• Description of the task:
Only the lines from the one containing "每一處細(xì)微的濕度波動" through the end of the data below are to be repeated, exactly as given, without pictures.

** Opening Task input block **

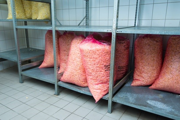 Die Belastung durch das Heben und Tragen der Zuckersäcke (25 kg), Maissäcke (10 bis 25 kg) und Öl-Gebinde (15 kg) muss im Rahmen der Gefährdungsbeurteilung betrachtet werden. Gegebenenfalls sind für den Transport der Zutaten zur Maschine und für das Befüllen Hilfsmittel zur Verfügung zu stellen.
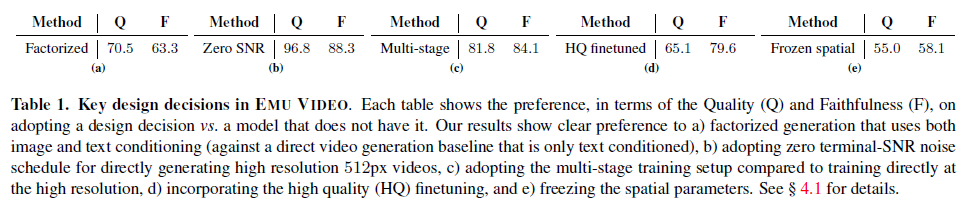 Table 1. EMU VIDEO의 주요 설계 결정. 각 표는 품질(Q)과 충실도(F) 측면에서 설계 결정을 채택한 경우와 그렇지 않은 모델의 선호도를 보여줍니다. 우리의 결과는 a) 이미지 및 텍스트 조건을 사용하는 분할 생성이 텍스트 조건만 사용하는 직접 비디오 생성 기본 모델에 비해 선호됨을, b) 높은 해상도 512px 비디오를 직접 생성하기 위한 제로 최종-SNR 노이즈 스케줄 채택이 선호됨을, c) 높은 해상도에서 직접 훈련하는 것과 비교하여 다단계 훈련 설정 채택이 선호됨을, d) 고품질 미세 조정 도입이 선호됨을, e) 공간 매개변수를 고정하는 것이 선호됨을 보여줍니다. 자세한 내용은 § 4.1을 참조하십시오.
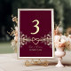 Add elegant coordination to your reception with this burgundy and gold wedding table number, adorned with romantic floral line art and a heart motif. Ideal for autumn or winter weddings, this stylish sign helps guests find their seats with charm.
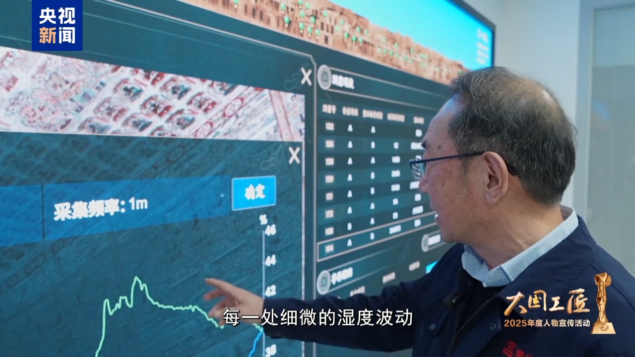 每一處細(xì)微的濕度波動(dòng)都會(huì)給壁畫帶來影響,樊再軒仔細(xì)觀察著石窟監(jiān)測(cè)系統(tǒng)上的數(shù)據(jù),隨后又帶領(lǐng)團(tuán)隊(duì)進(jìn)入洞窟,對(duì)壁畫進(jìn)行復(fù)查。
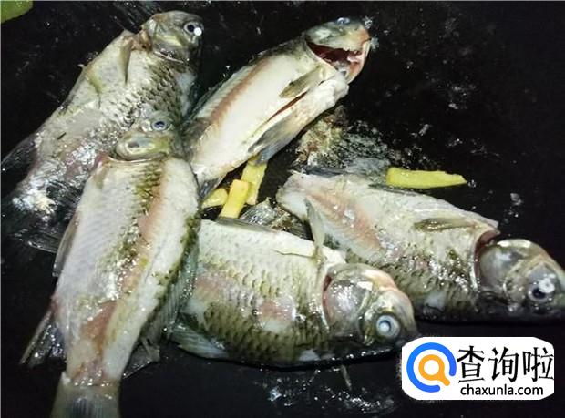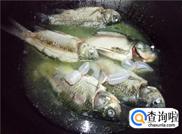锅里放入少许油,先把鲫鱼放下去,小火煎到两面变硬。

** Closing Task input block **

• Answer for this exercise:
 每一處細(xì)微的濕度波動(dòng)都會(huì)給壁畫帶來影響,樊再軒仔細(xì)觀察著石窟監(jiān)測(cè)系統(tǒng)上的數(shù)據(jù),隨后又帶領(lǐng)團(tuán)隊(duì)進(jìn)入洞窟,對(duì)壁畫進(jìn)行復(fù)查。
锅里放入少许油,先把鲫鱼放下去,小火煎到两面变硬。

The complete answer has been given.